[Items from a dataset]
════════════════════
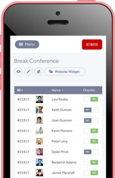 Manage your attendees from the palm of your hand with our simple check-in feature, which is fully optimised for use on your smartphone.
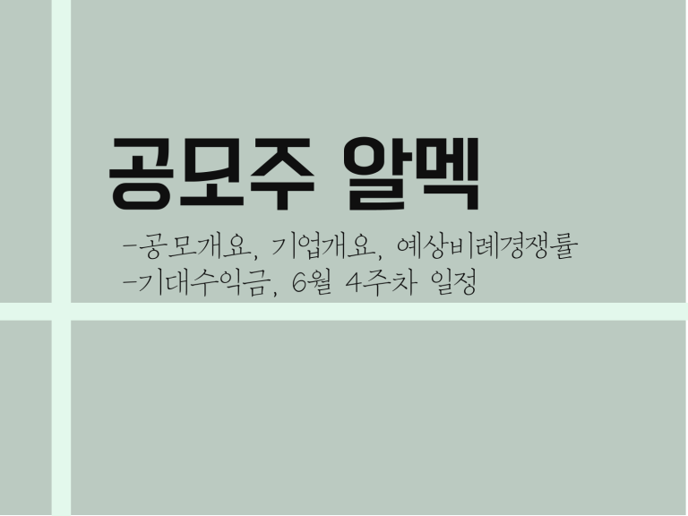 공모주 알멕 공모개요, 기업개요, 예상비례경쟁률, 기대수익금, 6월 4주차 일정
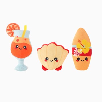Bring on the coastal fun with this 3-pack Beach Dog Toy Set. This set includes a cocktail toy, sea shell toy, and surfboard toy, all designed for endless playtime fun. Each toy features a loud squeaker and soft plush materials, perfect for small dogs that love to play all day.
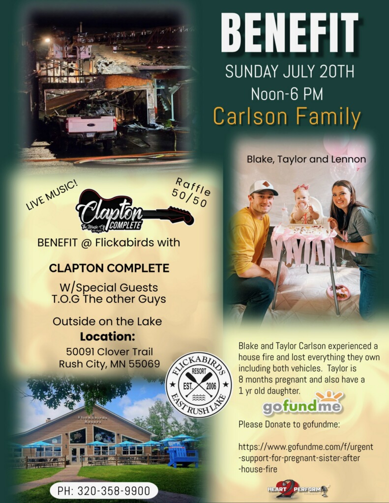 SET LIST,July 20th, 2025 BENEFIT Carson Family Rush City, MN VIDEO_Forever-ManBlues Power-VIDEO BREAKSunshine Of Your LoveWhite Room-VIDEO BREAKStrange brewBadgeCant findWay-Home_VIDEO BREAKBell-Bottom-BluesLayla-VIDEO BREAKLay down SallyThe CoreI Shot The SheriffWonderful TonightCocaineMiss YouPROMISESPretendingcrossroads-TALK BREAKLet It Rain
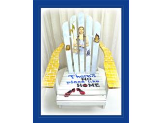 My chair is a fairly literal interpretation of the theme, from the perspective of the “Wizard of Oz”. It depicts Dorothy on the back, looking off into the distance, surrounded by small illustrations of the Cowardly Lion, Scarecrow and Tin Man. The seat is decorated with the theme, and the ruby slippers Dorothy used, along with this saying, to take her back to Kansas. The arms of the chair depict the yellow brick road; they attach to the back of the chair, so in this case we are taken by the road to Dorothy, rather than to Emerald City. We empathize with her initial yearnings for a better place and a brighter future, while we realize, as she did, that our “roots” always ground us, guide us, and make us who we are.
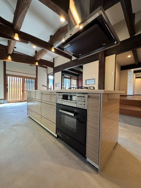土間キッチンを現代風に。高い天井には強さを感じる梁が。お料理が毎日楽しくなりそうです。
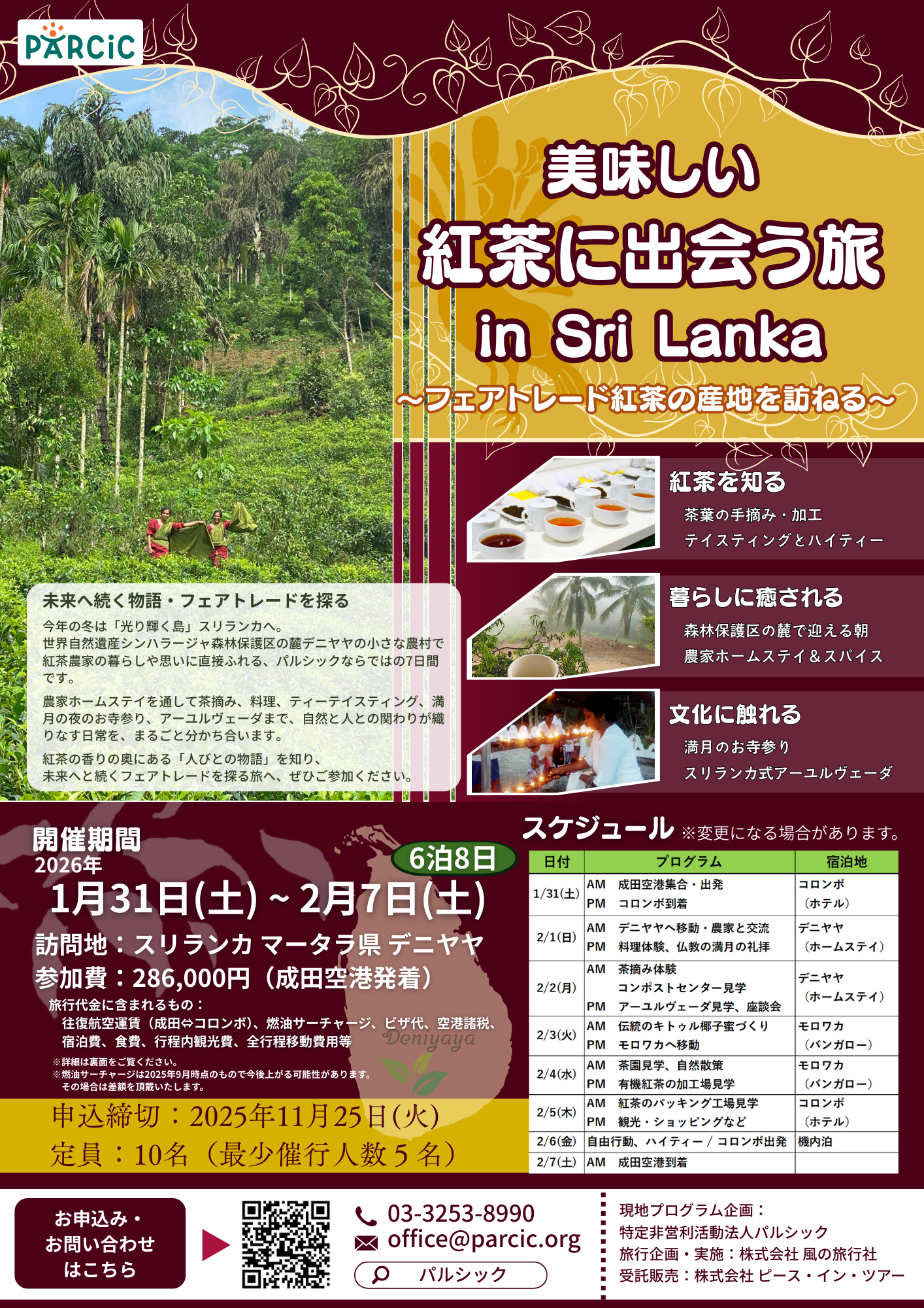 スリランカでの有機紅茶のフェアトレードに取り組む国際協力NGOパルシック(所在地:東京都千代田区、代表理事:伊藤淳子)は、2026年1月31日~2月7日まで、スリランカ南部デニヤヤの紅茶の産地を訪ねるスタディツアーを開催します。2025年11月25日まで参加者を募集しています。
════════════════════
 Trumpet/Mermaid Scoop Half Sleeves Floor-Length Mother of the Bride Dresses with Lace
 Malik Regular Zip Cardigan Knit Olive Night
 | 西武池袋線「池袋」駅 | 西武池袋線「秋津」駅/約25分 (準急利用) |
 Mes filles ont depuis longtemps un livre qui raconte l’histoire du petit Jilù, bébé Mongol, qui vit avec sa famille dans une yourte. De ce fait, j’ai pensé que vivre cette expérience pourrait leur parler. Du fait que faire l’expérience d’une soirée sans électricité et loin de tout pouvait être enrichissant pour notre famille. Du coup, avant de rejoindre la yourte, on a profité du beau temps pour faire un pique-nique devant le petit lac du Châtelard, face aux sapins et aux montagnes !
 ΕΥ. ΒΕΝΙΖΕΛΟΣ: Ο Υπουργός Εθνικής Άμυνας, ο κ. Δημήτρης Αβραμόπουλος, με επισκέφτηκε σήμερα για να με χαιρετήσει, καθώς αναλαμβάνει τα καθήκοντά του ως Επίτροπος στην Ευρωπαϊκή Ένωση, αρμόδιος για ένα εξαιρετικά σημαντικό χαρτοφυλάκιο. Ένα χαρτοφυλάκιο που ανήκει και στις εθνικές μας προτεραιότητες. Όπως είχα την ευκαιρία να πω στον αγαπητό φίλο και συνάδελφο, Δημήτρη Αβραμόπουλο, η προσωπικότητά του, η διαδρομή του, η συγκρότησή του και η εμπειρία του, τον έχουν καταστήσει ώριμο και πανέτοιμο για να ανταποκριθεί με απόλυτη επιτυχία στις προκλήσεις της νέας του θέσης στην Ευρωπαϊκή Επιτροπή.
════════════════════
Problem description
Print nothing but the lines above starting with the line that contains "Manage your attendees" and going on through the line that contains "スリランカでの有機紅茶のフェ". Leave out the pictures.

Task result
 Manage your attendees from the palm of your hand with our simple check-in feature, which is fully optimised for use on your smartphone.
 공모주 알멕 공모개요, 기업개요, 예상비례경쟁률, 기대수익금, 6월 4주차 일정
Bring on the coastal fun with this 3-pack Beach Dog Toy Set. This set includes a cocktail toy, sea shell toy, and surfboard toy, all designed for endless playtime fun. Each toy features a loud squeaker and soft plush materials, perfect for small dogs that love to play all day.
 SET LIST,July 20th, 2025 BENEFIT Carson Family Rush City, MN VIDEO_Forever-ManBlues Power-VIDEO BREAKSunshine Of Your LoveWhite Room-VIDEO BREAKStrange brewBadgeCant findWay-Home_VIDEO BREAKBell-Bottom-BluesLayla-VIDEO BREAKLay down SallyThe CoreI Shot The SheriffWonderful TonightCocaineMiss YouPROMISESPretendingcrossroads-TALK BREAKLet It Rain
 My chair is a fairly literal interpretation of the theme, from the perspective of the “Wizard of Oz”. It depicts Dorothy on the back, looking off into the distance, surrounded by small illustrations of the Cowardly Lion, Scarecrow and Tin Man. The seat is decorated with the theme, and the ruby slippers Dorothy used, along with this saying, to take her back to Kansas. The arms of the chair depict the yellow brick road; they attach to the back of the chair, so in this case we are taken by the road to Dorothy, rather than to Emerald City. We empathize with her initial yearnings for a better place and a brighter future, while we realize, as she did, that our “roots” always ground us, guide us, and make us who we are.
土間キッチンを現代風に。高い天井には強さを感じる梁が。お料理が毎日楽しくなりそうです。
 スリランカでの有機紅茶のフェアトレードに取り組む国際協力NGOパルシック(所在地:東京都千代田区、代表理事:伊藤淳子)は、2026年1月31日~2月7日まで、スリランカ南部デニヤヤの紅茶の産地を訪ねるスタディツアーを開催します。2025年11月25日まで参加者を募集しています。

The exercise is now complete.